— Task to carry out —
Print the listing from its top line through the line containing "经过总决赛的激烈角逐,贵州大学代表队(队员:吴晓丹、杜开源、肖玮建)荣获 2024 年全国企业竞争模拟大赛一等奖。", nothing more, and leave out the pictures.
:: Data provided
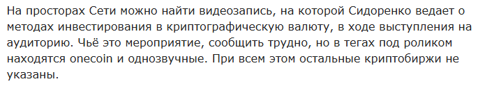Во-вторых, в медиапространстве до сих пор обсуждают её возможные пересечения с печально известной пирамидой OneCoin. И хотя Сидоренко утверждает, что вкладчики пирамиды просто были слушателями её курсов, такое оправдание выглядит для многих как попытка сохранить лицо при плохой игре.
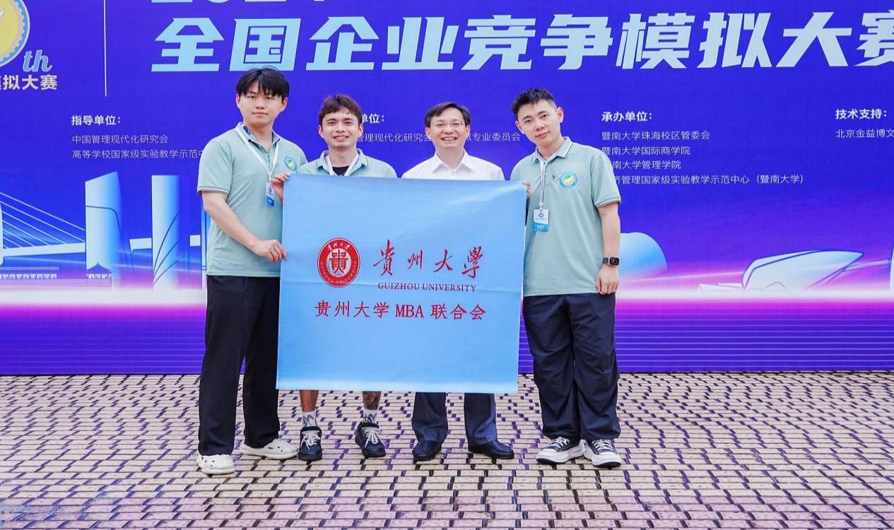 经过总决赛的激烈角逐,贵州大学代表队(队员:吴晓丹、杜开源、肖玮建)荣获 2024 年全国企业竞争模拟大赛一等奖。
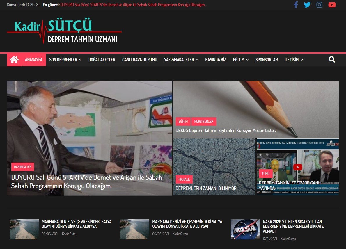 Yaptığım incelemeye göre Kadir Sütçü isimli bu öğretmenin bazı kestirimleri yüksek oranda başarılı. Tabi mevcut akademik altyapısı ve eğitimi sebebiyle de bu metodu başarılı bir şekilde anlatamamakta ve haliyle de dikkate çok fazla alınmamakta. Yaşadığımız coğrafyanın tektonik ve sismik hareketliği yüksek. Ya bu metot gerçekten başarılıysa ?
::::
— Task answer —
Во-вторых, в медиапространстве до сих пор обсуждают её возможные пересечения с печально известной пирамидой OneCoin. И хотя Сидоренко утверждает, что вкладчики пирамиды просто были слушателями её курсов, такое оправдание выглядит для многих как попытка сохранить лицо при плохой игре.
 经过总决赛的激烈角逐,贵州大学代表队(队员:吴晓丹、杜开源、肖玮建)荣获 2024 年全国企业竞争模拟大赛一等奖。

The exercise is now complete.